电梯稳稳的停在六楼。
将女孩放在床上,仔细的替她盖好被子,杨清漪这才甩了甩发酸的胳膊,轻手轻脚的走出去,关上了房门。
女人安静的坐在沙发上,脊背挺的笔直,却带着一丝说不出的落寞,她低着头,额前的碎发垂了下来,遮住了她此刻的神情。

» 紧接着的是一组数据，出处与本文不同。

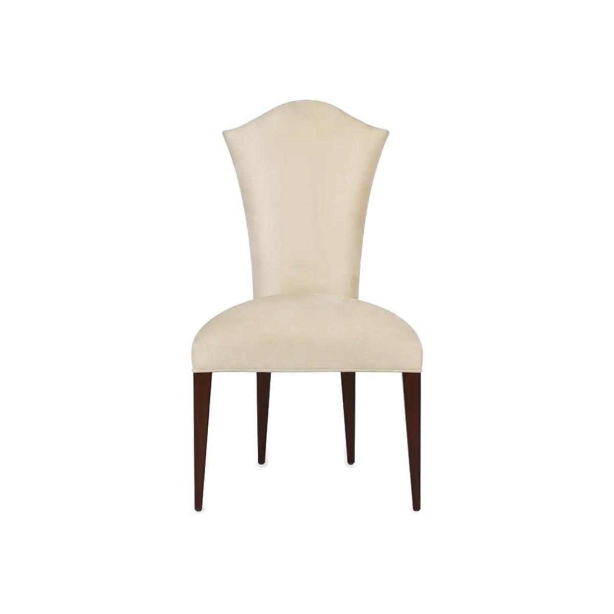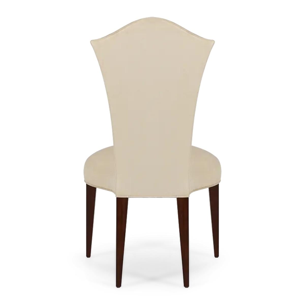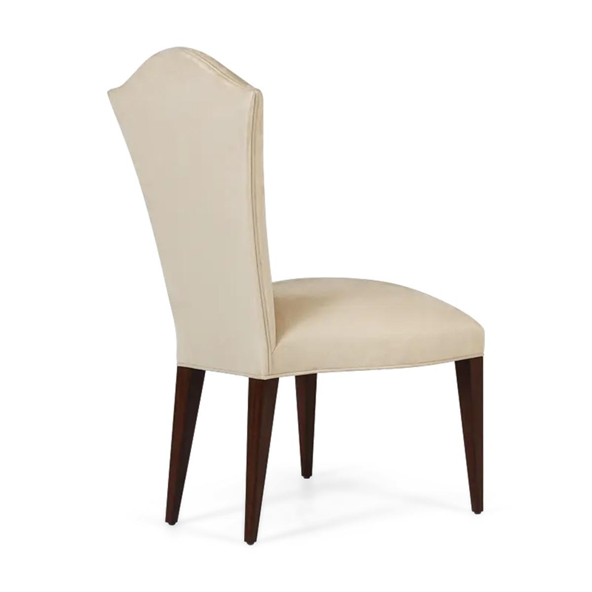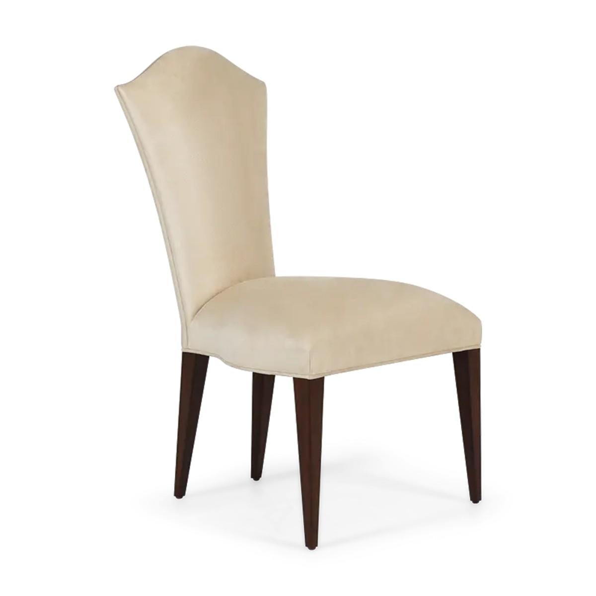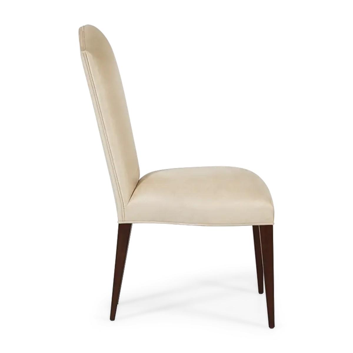 Simplicity and elegance characterize this beautiful upholstered dining chair, with straight hand carved legs, and a gently tapered back with curved top. The perfect piece to complement any dining table and setting. A new classic!.

杨清漪忽然觉得心里那股情绪像被风吹起来的线团一样,乱七八糟的堆在一起,她叹了口气,身体顺着冰冷的墙壁滑落下来。
二人之间离得并不远,却又感觉很远。
“清漪,今天这件事,我可以解释的。
女人终是先开了口,打破了这份尴尬。
“嗯?
她不明所以的抬起了头。
女人站起身,一步一步走向她,然后半蹲在她面前,语气认真:“我知道你生气,但是我真的可以解释的。
“我没生气,您跟谁交往是您的自由。
“看着我。
安辞强硬的将她的脸掰正,二人对视着。
女人声音里带着未藏住的委屈:“从出餐厅到现在,你一句话都没有跟我说过,我很难过。
这些话轻飘飘的落在她耳朵里,却又重重的砸在她心上,连窗外的雨声都仿佛轻了些,只剩下这句带着涩意的话,在安静的空间里慢慢漾开。
“您难过,我也同样很难过。
杨清漪看着地面,话语里没有一点起伏。
“安老师,我是您的女朋友,发生了这种事情,我是不是有最起码的知情权,还是说我这个人,本身就不让您信任?所以您连分享,都懒得与我说了?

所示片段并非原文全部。